回到熟悉的房子,看著自己那大廳裏的長長的飯桌,以及那頂上借助光係魔核照明的水晶燈,威昂也是感慨不已,現實隻過去了幾個月,自己卻感覺很久很久沒來過了一樣。
“呀,威...威昂...大人,你回來了。”
塔珂兒緩緩從樓上走下,平時威昂在的時候,她總不能老是睡威昂的床位,而且威昂也不喜歡睡樓上,所以她自己在樓上的兩個空房間裏選了麵對道路,有陽台的一間住下,平時就自己給自己做飯做菜,畢竟威昂不在了,塔利先生也就不負責這間房子的夥食了。
“恩,辭職了,暫時。”
威昂坐到主位,這本就是自己家。
“最近過的怎麽樣?”
“嗯,挺好的,不必擔憂生存問題,吃喝不愁。”
“那就好,若不嫌棄,想住就住下,也許以後我還是會外出,畢竟上任容易,下崗可難啊,對於信靈這個職位來說。”
“嗯。”
......
短暫的問答後,再度陷入了沉默,沒辦法,交流的少,真心沒有話題了,一些不相幹的話題,也沒有必要強行聊天,有時候,沉默,盡管尷尬,但是兩人一起尷尬總比自己一個人尷尬來得好。
“您還是要走麽?”
“對啊,盡管我沒什麽天賦,沒什麽遠大抱負,但是你看,這天降的擔子依舊會落到我頭上,你知道這是為什麽麽?”
“不知道。
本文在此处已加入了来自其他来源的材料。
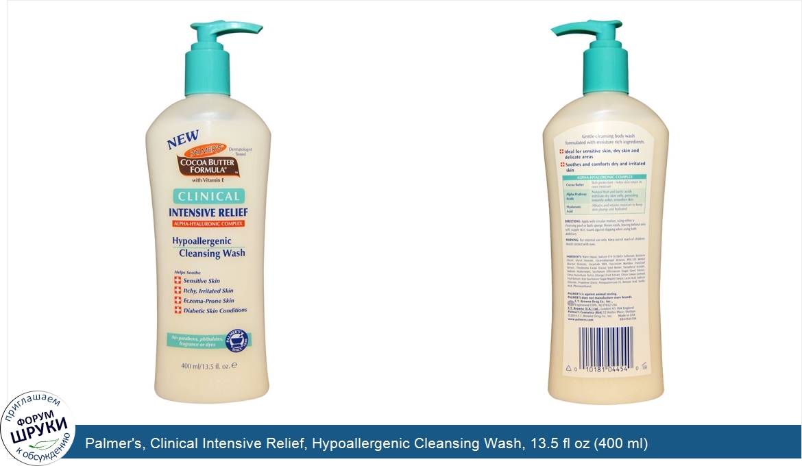 Друзья, если у вас есть отзыв/дополнение/комментарий/вопрос относительно Palmer's, Clinical Intensive Relief, Hypoallergenic Cleansing Wash, 13.5 fl oz (400 ml) - напишите его ответом в эту тему (это будет полезно всему сообществу в целом и вам в отдельности).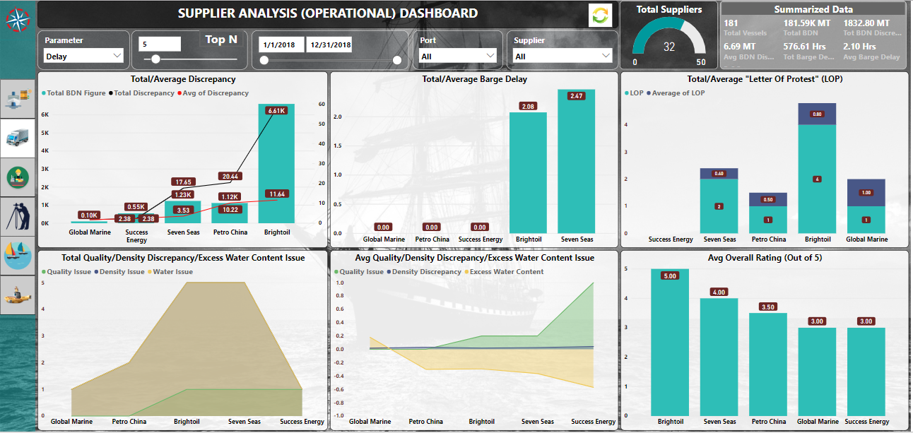 - Data Analytics using Microsoft Power BI to analyse the performance of various entities like Supplier, Surveyor, Bunker Tanker, Barge Representative, Vessel and Vessel C/E, Master.

”
塔珂兒坐在威昂的左下位,靜靜看著自己身前的桌麵,不知在思索什麽。
“這就是天道。”
“天道?天道不好麽,有規矩,有方向......”
“但是又有多少人願意去走這安排好的路?俗話說,天道不仁,以萬物為芻狗,天道也是有追求有欲望的生靈罷了。”
威昂想起了那個可憐的大boos,本就身為天道,旗下卻沒有生靈存在,估計將他拖過來也是花了不小的代價,不然身為高高在上的天道,哪裏容他討價還價,直接抓過靈魂,往一個剛死之人的身體一塞,既不會被異世界天道排斥,輕鬆又省力。